Sunday, July 29, 2018

Performance of Machine Learning Models on Time Series Data

In the past few years there has been an increased interest among economists in machine learning. For more discussion see herehere, here, here, here, here, here,  and here.  See also Mindy Mallory's recent post here.

While some folks like Susan Athey are beginning to develop the theory to understand how machine learning can contribute to causal inference, it has carved out a niche in the area of prediction. But what about times series analysis and forecasting?

That is a question taken up by authors this past March in an interesting paper (Statistical and Machine Learning forecasting methods: Concerns and ways forward).
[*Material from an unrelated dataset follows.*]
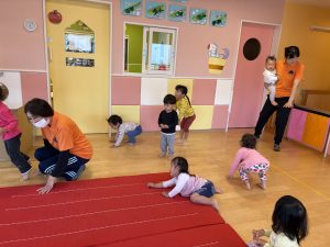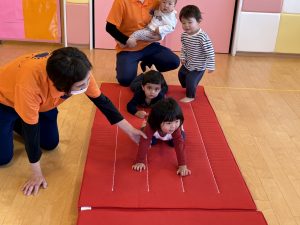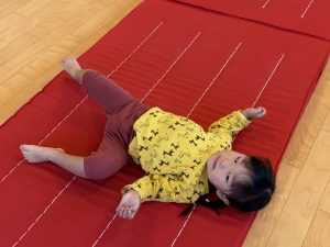 マットの上をコロコロ転がって、いも虫さん🐛になったりしています😀

They took a good look at the performance of popular machine learning algorithms relative to traditional statistical time series approaches. The authors found that traditional approaches including exponential smoothing and econometric time series approaches out performed algorithmic approaches from machine learning across a number of model specifications, algorithms, and time series data sources.

Below are some interesting excerpts and takeaways from the paper:

When I think of time series methods, I think of things like cointegration, stationarity, autocorrelation, seasonality, auto-regressive conditional heteroskedasticity etc. (I recommend Mindy Mallory's posts on time series here)
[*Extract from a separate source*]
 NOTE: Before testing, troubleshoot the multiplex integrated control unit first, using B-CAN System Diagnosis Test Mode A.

Hearing so much about the ability of some machine learning approaches (like deep learning) to mimick feature engineering, I wondered how well algorithmic approaches would handle these issues in time series applications. The authors looked at some of the previous literature in relation to this:

"In contrast to sophisticated time series forecasting methods, where achieving stationarity in both the mean and variance is considered essential, the literature of ML is divided with some studies claiming that ML methods are capable of effectively modelling any type of data pattern and can therefore be applied to the original data [62]. Other studies however, have concluded the opposite, claiming that without appropriate preprocessing, ML methods may become unstable and yield suboptimal results [28]."

One thing about this paper, as I read it, is that it does not take an adversarial or luddite tone toward machine learning methods in favor of more traditional approaches. While they found challenges related to predictive accuracy, they seemed to proactively look deeper to understand why ML algorithms performed the way they did and how to make ML approaches better at time series.
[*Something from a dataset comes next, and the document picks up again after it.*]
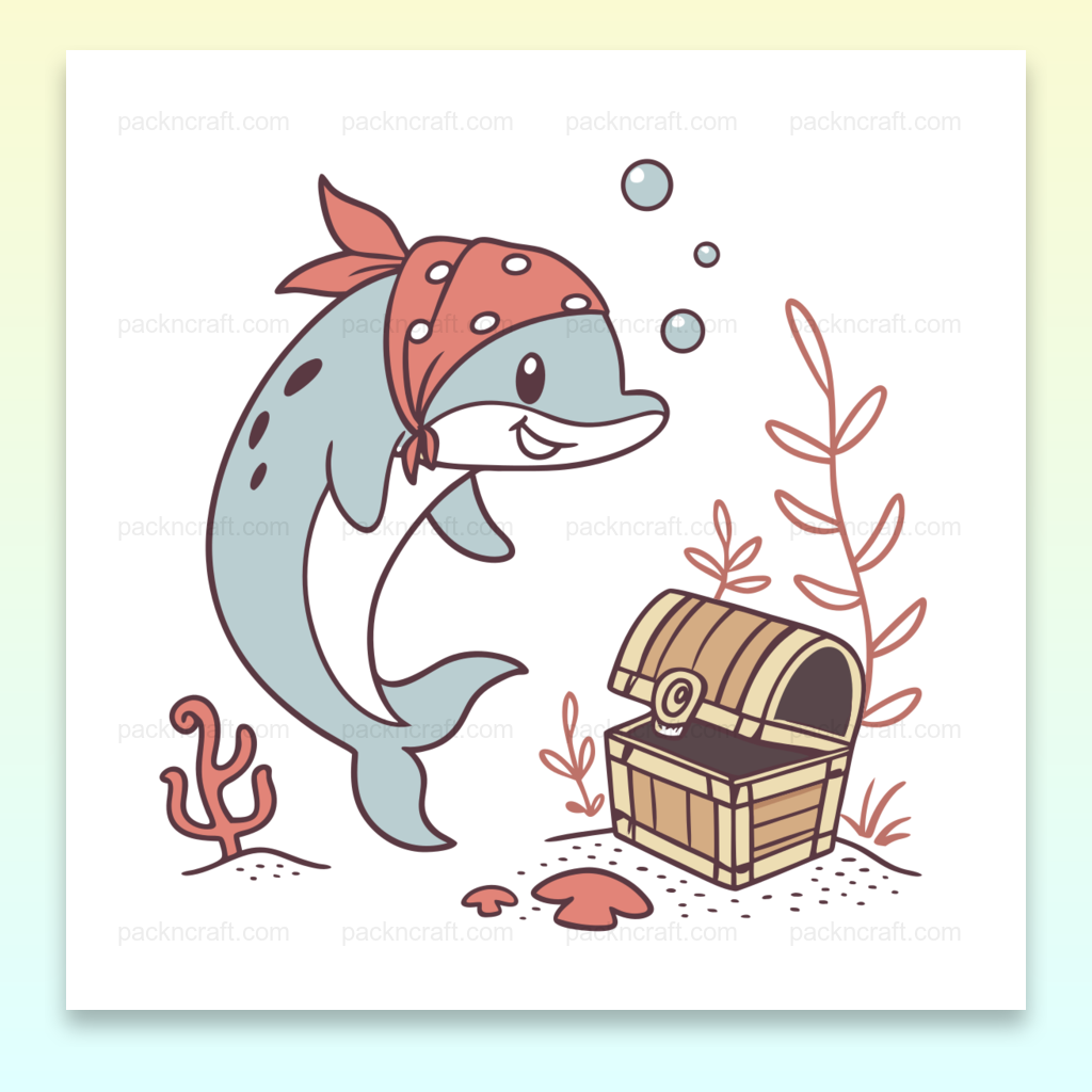 Dauphin pirate et trésor | Style kawaii | Aventure marine

One of the challenges with ML, even with crossvalidation was overfitting and confusion of signals, patterns, and noise in the data:

"An additional concern could be the extent of randomness in the series and the ability of ML models to distinguish the patterns from the noise of the data, avoiding over-fitting....A possible reason for the improved accuracy of the ARIMA models is that their parameterization is done through the minimization of the AIC criterion, which avoids over-fitting by considering both goodness of fit and model complexity."

They also recommend instances where ML methods may offer advantages:

"even though M3 might be representative of the reality when it comes to business applications, the findings may be different if nonlinear components are present, or if the data is being dominated by other factors. In such cases, the highly flexible ML methods could offer significant advantage over statistical ones"

It was interesting that basic exponential smoothing approaches outperformed much more complicated ML methods:

"the only thing exponential smoothing methods do is smoothen the most recent errors exponentially and then extrapolate the latest pattern in order to forecast. Given their ability to learn, ML methods should do better than simple benchmarks, like exponential smoothing."

However the authors note it is often the case that smoothing methods can offer advantages over more complex econometric time series as well (i.e. ARIMA, VAR, GARCH etc.)

Toward the end of the paper the authors go on to discuss in detail the differences in the domains where we have seen a lot of success in machine learning (speech and image recognition, games, self driving cars etc. ) vs. time series and forecasting applications.

In table 10 of the paper, they drill into some of these specific differences and discuss structural instabilities related to time series data, how the 'rules' change and how forecasts themselves can influence future values, and how this kind of noise might be hard for ML algorithms to capture.

This paper is definitely worth going through again and one to keep in mind if you are about to embark on an applied forecasting project.


Makridakis S, Spiliotis E, Assimakopoulos V (2018) Statistical and Machine Learning forecasting methods: Concerns and ways forward. PLoS ONE 13(3): e0194889.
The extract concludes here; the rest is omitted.